Following are some issues that you may come across and their corresponding solutions / workarounds:

  • If the property hive.execution.engine is set as Tez then the following exception is shown:

    java.lang.RuntimeException: java.lang.IllegalArgumentException: Error while instantiating 'org.apache.spark.sql.hive.HiveExternalCatalog'

    This exception can occur when you have copied the hive-site.xml file to Conf folder and if you have provided the value of the xml property hive.execution.engine as Tez. This exception is caused by java.lang.ClassNotFoundException: org.apache.tez.dag.api.SessionNotRunning

    Workaround: In case you have copied all the contents from the hive-site.xml file to the SnappyData conf file, ensure that the value of the XML property hive.execution.engine is left empty.

  • Unable to open a test connection to the given database.
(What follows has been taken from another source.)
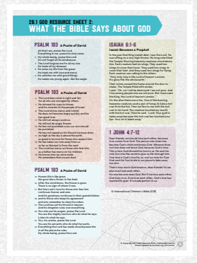
WHAT THE BIBLE SAYS ABOUT GOD

JDBC url = jdbc:mysql://dev11:3306/metastore_db?createDatabaseIfNotExist=true, username = hive. Terminating connection pool (set lazyInit to true if you expect to start your database after your app

    This error occurs when the MySQL process (Metadata server process) does not get started.

    Workaround: Ensure to start the Metastore service before connecting to Hive Beeline CLI.

  • When the TIBCO Compute DB cluster, Hive, MySQL (Metadata Server) are running, and MySQL (Metadata Server) process stops abruptly, then Snappy shell becomes unresponsive.

  • While accessing the Hive table, if you do not set the parameter javax.jdo.option.ConnectionPassword, then the following exception is shown:

    ERROR XJ001: (SQLState=XJ001 Severity=0) (Server=hostname:port Thread=ThriftProcessor-0) Java exception: 'Unable to open a test connection to the given database. JDBC url = jdbc:mysql://:/?createDatabaseIfNotExist=true, username = user. Terminating connection pool (set lazyInit to true if you expect to start your database after your app). Original Exception: ------ java.sql.SQLException: Access denied for user 'user'@'' (using password: YES)

  • While accessing the hive table, if you do not set the parameter javax.jdo.option.ConnectionUserName, then the following exception is shown:

    ERROR XJ001: (SQLState=XJ001 Severity=0) (Server=hostname:port Thread=ThriftProcessor-0) Java exception: 'Unable to open a test connection to the given database. JDBC url = jdbc:mysql://:/?createDatabaseIfNotExist=true, username = APP. Terminating connection pool (set lazyInit to true if you expect to start your database after your app). Original Exception: ------ java.sql.SQLException: Access denied for user 'APP'@'' (using password: YES)

  • While accessing the hive table, if you do not set the parameter javax.jdo.option.ConnectionURL, then an exception is not shown. However, you cannot access the Hive tables.

    For example:

        snappy> show tables in default;
        schemaName                 |tableName                             |isTemporary
        -------------------------------------------------------------------------------
    
        0 rows selected
        snappy> set spark.sql.catalogImplementation=hive;
        snappy> show tables in default;
        schemaName                  |tableName                             |isTemporary
        -------------------------------------------------------------------------------
    
        0 rows selected
    
  • While using Azure HDInsight, if you do not set the parameter fs.azure.account.key.hadoopmetastohdistorage.blob.core.windows.net, the following exception is shown:

    ERROR 38000: (SQLState=38000 Severity=20000) (Server=hostname:port Thread=ThriftProcessor-0) The exception 'com.pivotal.gemfirexd.internal.engine.jdbc.GemFireXDRuntimeException: myID: 127.0.0.1(22841):51028, caused by org.apache.hadoop.fs.azure.AzureException: org.apache.hadoop.fs.azure.AzureException: Container hadoopmetastore-2019-12-13t09-18-59-359z in account hadoopmetastohdistorage.blob.core.windows.net not found, and we can't create it using anoynomous credentials.' was thrown while evaluating an expression.